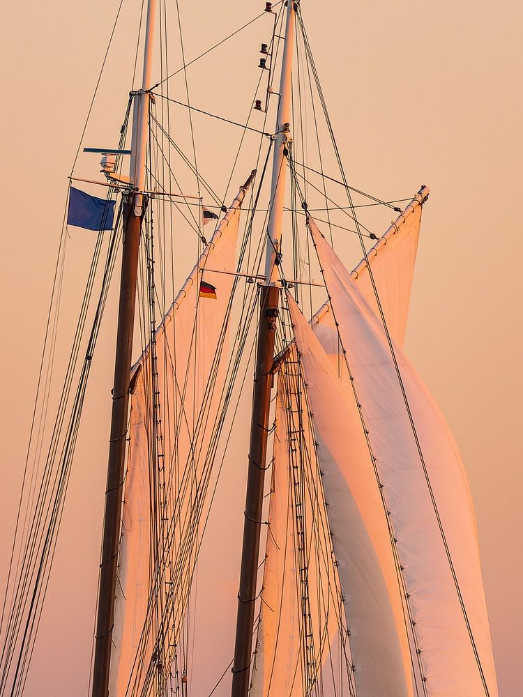Segelschiff im Sonnenuntergang auf der Hanse Sail in Rostock.
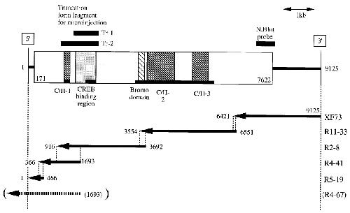 model of full-length Xenopus p300/CBP cDNA. The open white box indicates the Xenopus p300/CBP protein coding region and
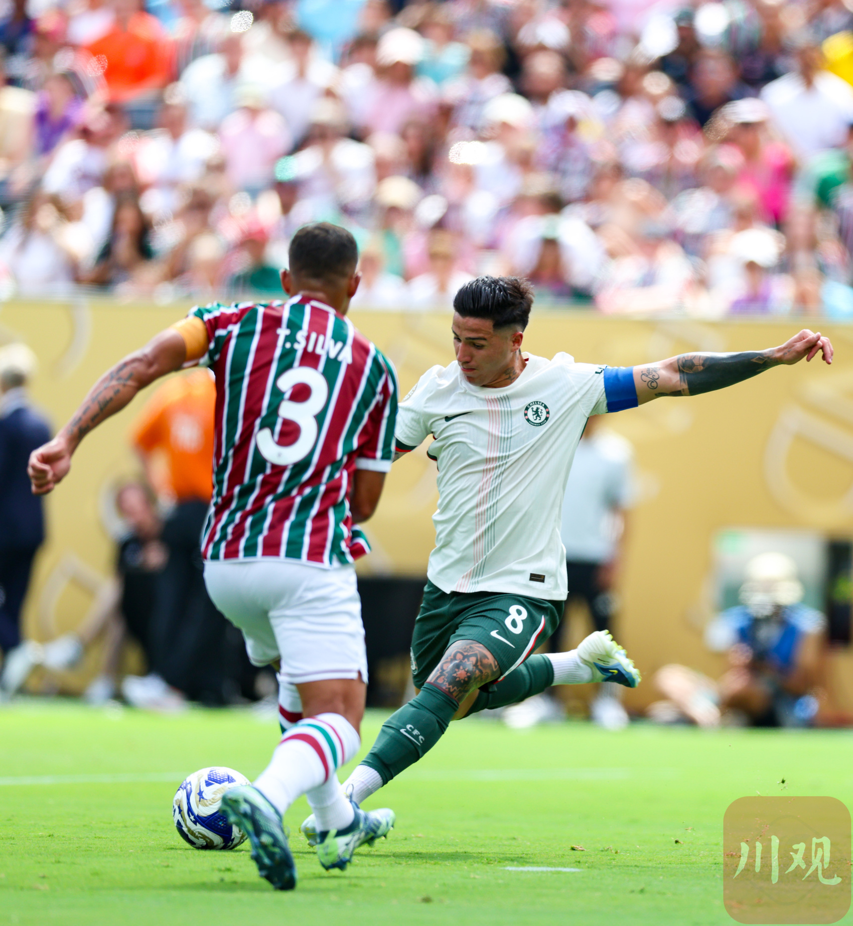 北京时间2025年7月9日凌晨三点,世俱杯首场半决赛,由切尔西对阵巴甲黑马弗鲁米嫩塞。本场比赛在美国纽约新泽西的大都会球场进行,70556名球迷见证欧洲南美双雄精彩对决。切尔西延续4231阵型,帕尔默、恩佐、凯塞多和新援若昂·佩德罗悉数出战。弗鲁米嫩塞派出了蒂亚戈·席尔瓦,44岁的法比奥和37岁的卡诺等球员。切尔西新援若昂·佩德罗梅开二度,切尔西2-0拿下对手,率先晋级世俱杯决赛,等待皇家马德里和巴黎圣日耳曼之间的胜者。

= = =

TASK DETAILS:
With the pictures excluded, retype exactly the lines from the one containing "model of full-length" through the last line of the listing, both ends included.

EXERCISE RESULT:
 model of full-length Xenopus p300/CBP cDNA. The open white box indicates the Xenopus p300/CBP protein coding region and
 北京时间2025年7月9日凌晨三点,世俱杯首场半决赛,由切尔西对阵巴甲黑马弗鲁米嫩塞。本场比赛在美国纽约新泽西的大都会球场进行,70556名球迷见证欧洲南美双雄精彩对决。切尔西延续4231阵型,帕尔默、恩佐、凯塞多和新援若昂·佩德罗悉数出战。弗鲁米嫩塞派出了蒂亚戈·席尔瓦,44岁的法比奥和37岁的卡诺等球员。切尔西新援若昂·佩德罗梅开二度,切尔西2-0拿下对手,率先晋级世俱杯决赛,等待皇家马德里和巴黎圣日耳曼之间的胜者。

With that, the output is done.